● **TASK REQUIREMENTS**
Return the data below unchanged. Drop any pictures.

● **DATASET CONTENT**
============

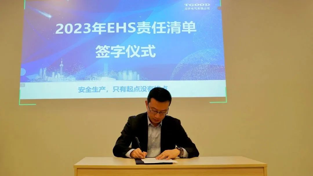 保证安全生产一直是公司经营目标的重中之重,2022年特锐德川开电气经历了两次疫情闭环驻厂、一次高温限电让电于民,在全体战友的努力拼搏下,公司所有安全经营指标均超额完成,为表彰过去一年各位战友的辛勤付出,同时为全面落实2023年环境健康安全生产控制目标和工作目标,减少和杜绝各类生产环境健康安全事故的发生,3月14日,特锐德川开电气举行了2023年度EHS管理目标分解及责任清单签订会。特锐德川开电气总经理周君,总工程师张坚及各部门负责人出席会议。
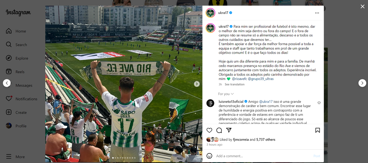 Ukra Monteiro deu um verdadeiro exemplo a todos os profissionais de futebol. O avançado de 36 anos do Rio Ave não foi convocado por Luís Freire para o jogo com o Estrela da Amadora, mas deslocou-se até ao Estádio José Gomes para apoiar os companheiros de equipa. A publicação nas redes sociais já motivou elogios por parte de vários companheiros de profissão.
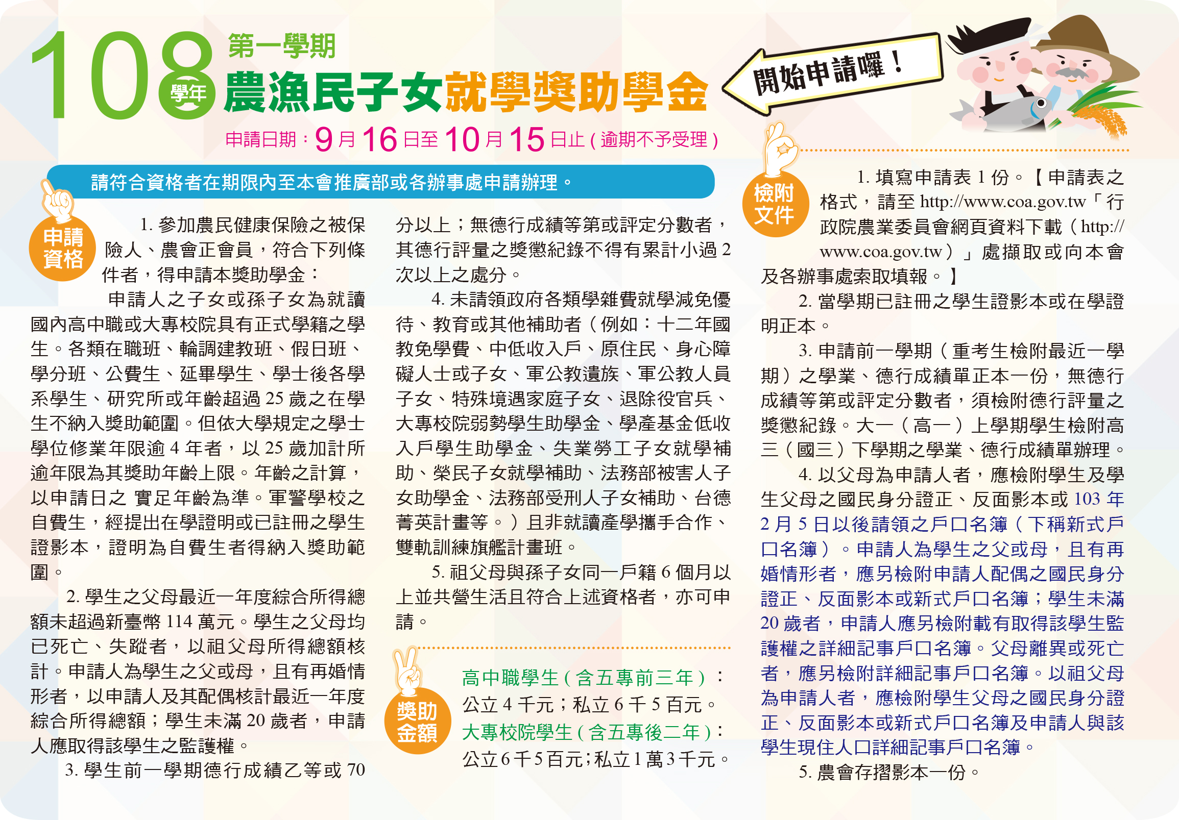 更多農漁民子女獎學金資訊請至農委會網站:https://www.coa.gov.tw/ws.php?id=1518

============

● **RESPONSE AREA**
 保证安全生产一直是公司经营目标的重中之重,2022年特锐德川开电气经历了两次疫情闭环驻厂、一次高温限电让电于民,在全体战友的努力拼搏下,公司所有安全经营指标均超额完成,为表彰过去一年各位战友的辛勤付出,同时为全面落实2023年环境健康安全生产控制目标和工作目标,减少和杜绝各类生产环境健康安全事故的发生,3月14日,特锐德川开电气举行了2023年度EHS管理目标分解及责任清单签订会。特锐德川开电气总经理周君,总工程师张坚及各部门负责人出席会议。
 Ukra Monteiro deu um verdadeiro exemplo a todos os profissionais de futebol. O avançado de 36 anos do Rio Ave não foi convocado por Luís Freire para o jogo com o Estrela da Amadora, mas deslocou-se até ao Estádio José Gomes para apoiar os companheiros de equipa. A publicação nas redes sociais já motivou elogios por parte de vários companheiros de profissão.
 更多農漁民子女獎學金資訊請至農委會網站:https://www.coa.gov.tw/ws.php?id=1518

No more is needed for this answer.